Uncomplicated hernias are principally repaired by pushing back, or "reducing", the herniated tissue, and then mending the weakness in muscle tissue (an operation called herniorrhaphy). If complications have occurred, the surgeon will check the viability of the herniated organ and remove part of it if necessary.
Muscle reinforcement techniques often involve synthetic materials (a mesh prosthesis). The mesh is placed either over the defect (anterior repair) or under the defect (posterior repair). At times staples are used to keep the mesh in place. These mesh repair methods are often called "tension free" repairs because, unlike some suture methods (e.g., Shouldice), muscle is not pulled together under tension. However, this widely used terminology is misleading, as there are many tension-free suture methods that do not use mesh (e.g., Desarda, Guarnieri, Lipton-Estrin, etc.).
Evidence suggests that tension-free methods (with or without mesh) often have lower percentage of recurrences and the fastest recovery period compared to tension suture methods. However, the use of prosthetic mesh appears to have a higher likelihood of causing long-term pain and can also lead to infections.
The frequency of surgical correction ranges from 10 per 100,000 (U.K.) to 28 per 100,000 (U.S.). After elective surgery, the 30-day mortality rate for inguinal or femoral hernia repair stands at 0.1 percent, but it increases to 2.8 to 3.1 percent after urgent surgery. When a bowel resection is part of the hernia repair, the mortality rate is even higher. Older age, femoral hernias, female sex, and urgent repair are identified as other factors linked to a higher risk of mortality.
Some complications from surgery in order of prevalence include a seroma/hematoma formation, urinary retention, neuralgias, testicular pain/swelling, mesh infection/wound infection, and recurrence. A seroma is often seen after an indirect hernia repair and resolves spontaneously over 4–6 weeks.

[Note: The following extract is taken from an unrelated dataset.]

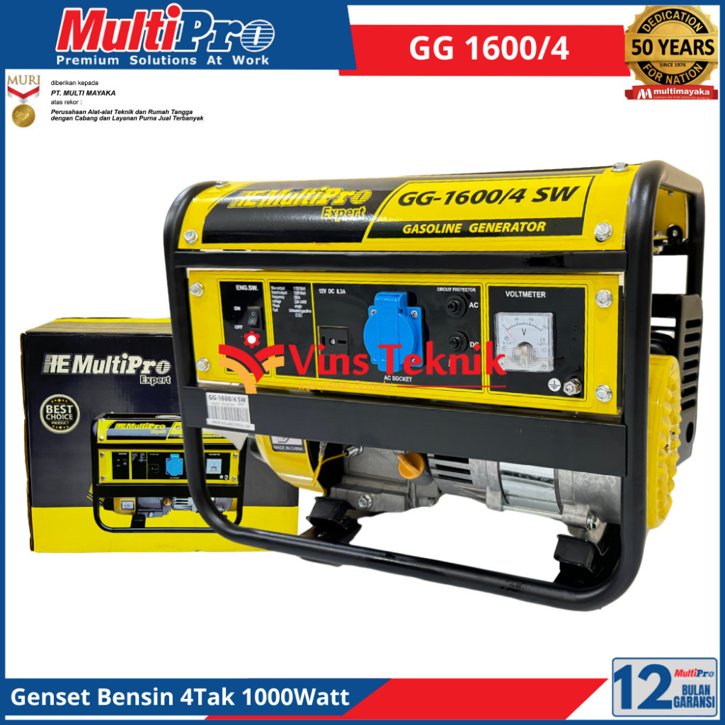 Multipro GG1600/4 Mesin Genset Listrik Bensin Gasoline Generator 1000Watt GG 1600

To prevent a seroma it's important to reduce the amount of cutting around the hernia sac where it's connected to the cord structures. Additionally, securely attaching the hernia sac to the pubic bone and creating small openings in the tissue around a direct hernia can help. In cases of heavy bleeding or extensive cutting, certain surgeons may opt to insert a drain. Urinary retention is often seen in elderly patients, these patients can be catheterized prior to surgery if there is a risk. Other complications may arise post-operatively, including rejection of the mesh that is used to repair the hernia. In the event of a mesh rejection, the mesh will very likely need to be removed. Mesh rejection can be detected by obvious, sometimes localized swelling and pain around the mesh area. Continuous discharge from the scar is likely for a while after the mesh has been removed. A surgically treated hernia can lead to complications such as inguinodynia.
Many patients are managed through day surgery centers and are able to return to work within a week or two, though intense activities are prohibited for a longer period. People who have their hernias repaired with mesh often recover within a month, but pain can last longer. Surgical complications may include pain that lasts more than three months, surgical site infections, nerve and blood vessel injuries, injury to nearby organs, and hernia recurrence. Pain that lasts more than three months occurs in about 10% of people following hernia repair.